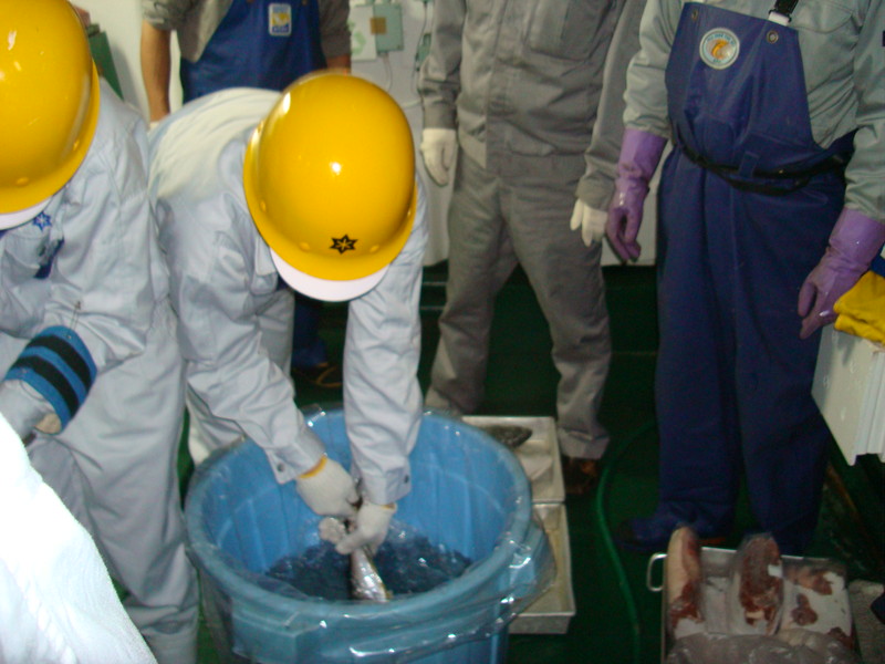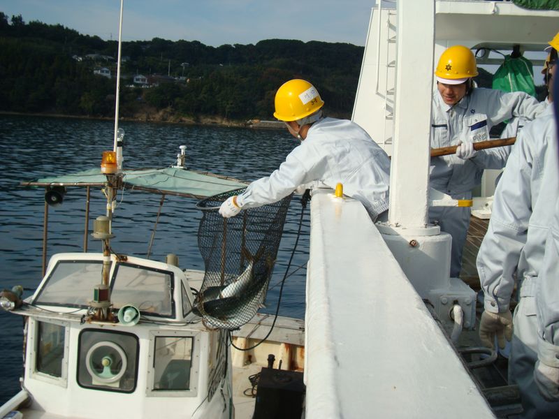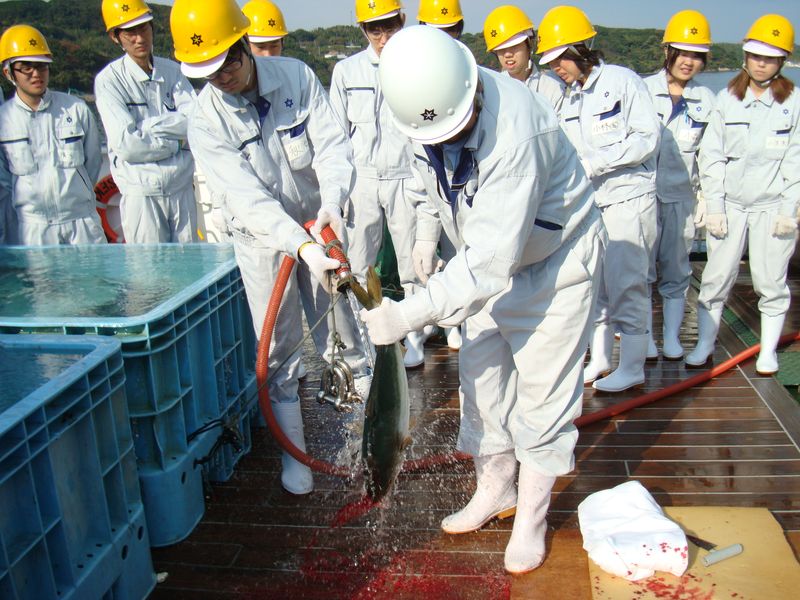 いよいよメインイベント鰤の洋上鮮度管理実習
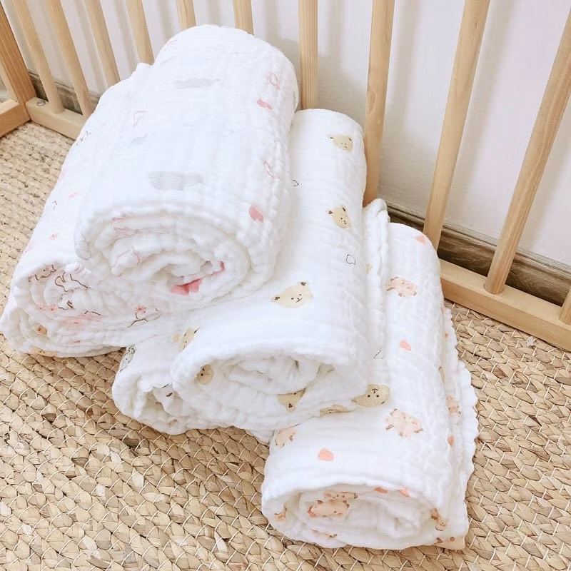 Khăn tắm 6 lớp thêu điểm họa tiết ở đầu cực xinh, mềm mại & cực thấm hút nha
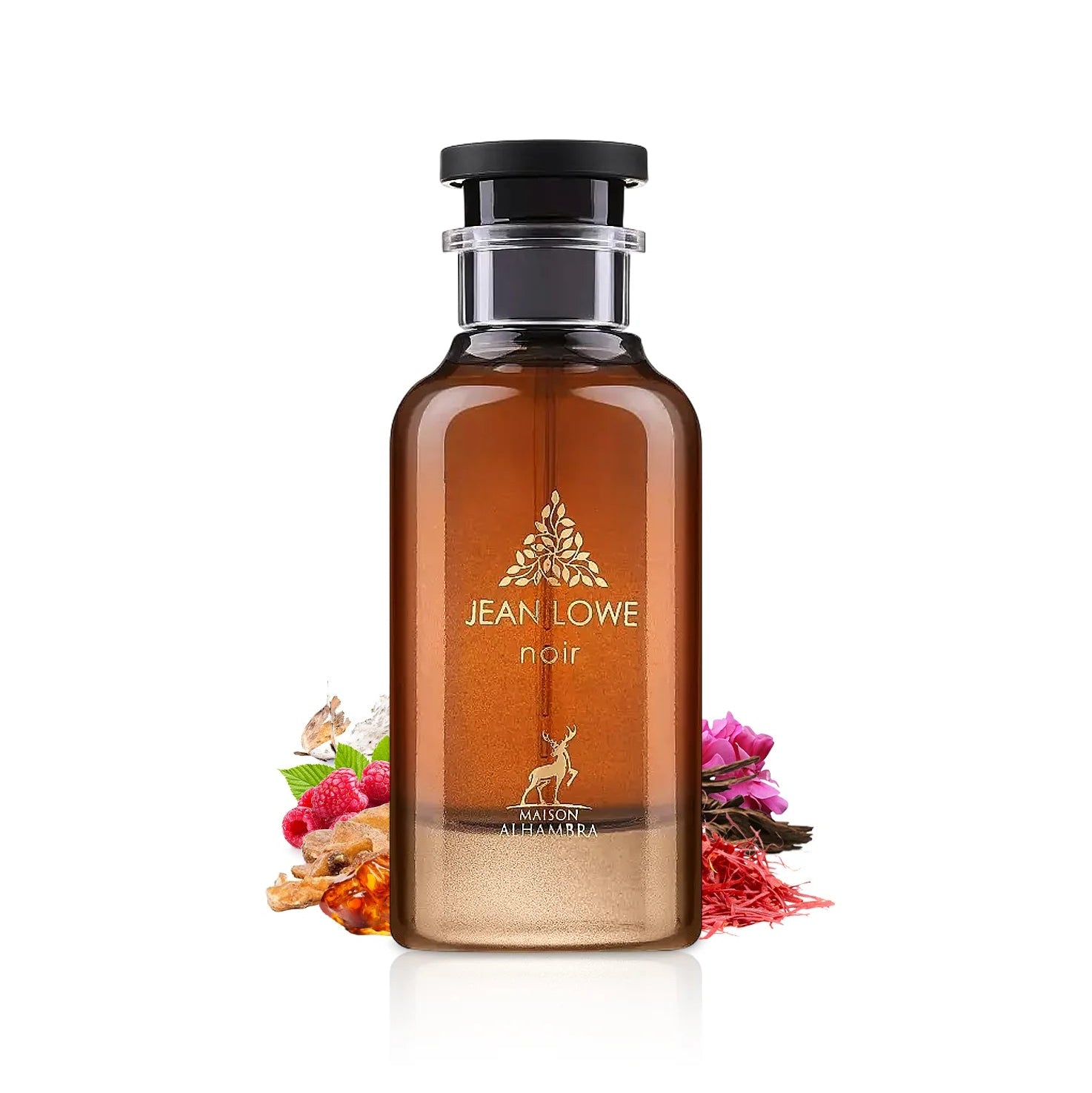 Maison Alhambra Jean Lowe Noir EDP smells rich and luxurious, combining the warm, woody scent of oud and incense with the sweetness of saffron, rose, raspberry, and amber.

** Work instruction **
Before copying the data, remove the pictures. Then repeat the rest exactly.

** Task response **
 いよいよメインイベント鰤の洋上鮮度管理実習
 Khăn tắm 6 lớp thêu điểm họa tiết ở đầu cực xinh, mềm mại & cực thấm hút nha
 Maison Alhambra Jean Lowe Noir EDP smells rich and luxurious, combining the warm, woody scent of oud and incense with the sweetness of saffron, rose, raspberry, and amber.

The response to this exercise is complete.